*Brief*
Please reproduce the listing in its entirety, exactly as written, but without images.
### Recorded data
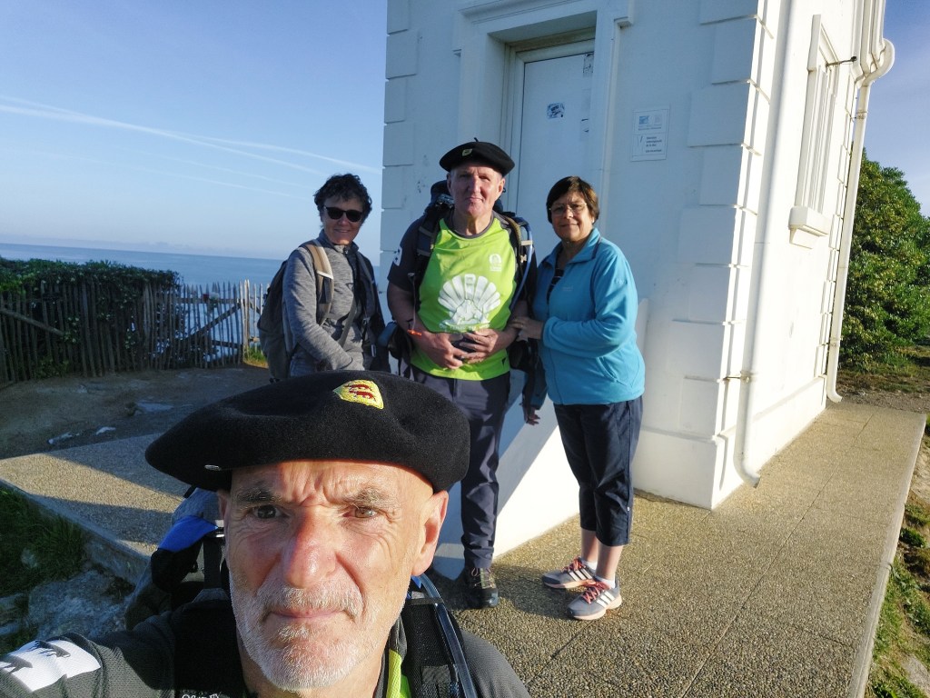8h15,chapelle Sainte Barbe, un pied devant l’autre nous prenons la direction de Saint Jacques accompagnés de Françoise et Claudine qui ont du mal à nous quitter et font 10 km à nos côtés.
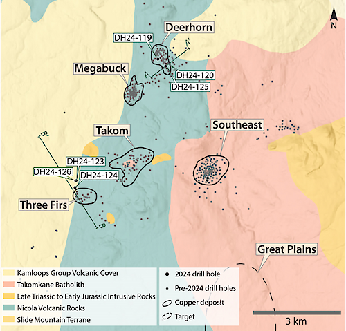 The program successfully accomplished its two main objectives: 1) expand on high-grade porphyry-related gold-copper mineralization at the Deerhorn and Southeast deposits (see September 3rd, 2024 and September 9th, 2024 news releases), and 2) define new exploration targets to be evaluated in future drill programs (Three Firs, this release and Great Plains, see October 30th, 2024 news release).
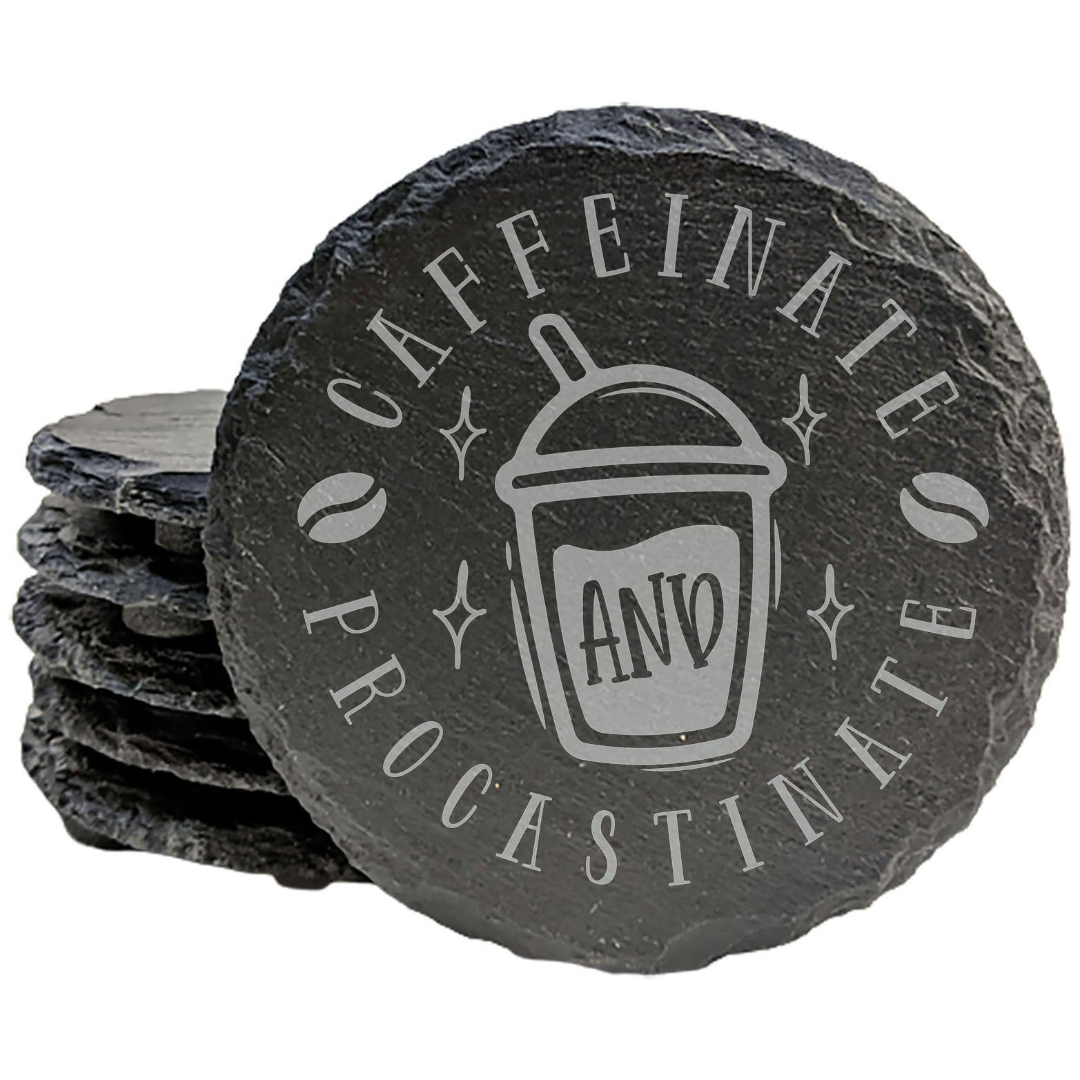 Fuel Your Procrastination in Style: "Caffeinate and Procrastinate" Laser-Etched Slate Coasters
######
*Response for this exercise*
8h15,chapelle Sainte Barbe, un pied devant l’autre nous prenons la direction de Saint Jacques accompagnés de Françoise et Claudine qui ont du mal à nous quitter et font 10 km à nos côtés.
 The program successfully accomplished its two main objectives: 1) expand on high-grade porphyry-related gold-copper mineralization at the Deerhorn and Southeast deposits (see September 3rd, 2024 and September 9th, 2024 news releases), and 2) define new exploration targets to be evaluated in future drill programs (Three Firs, this release and Great Plains, see October 30th, 2024 news release).
 Fuel Your Procrastination in Style: "Caffeinate and Procrastinate" Laser-Etched Slate Coasters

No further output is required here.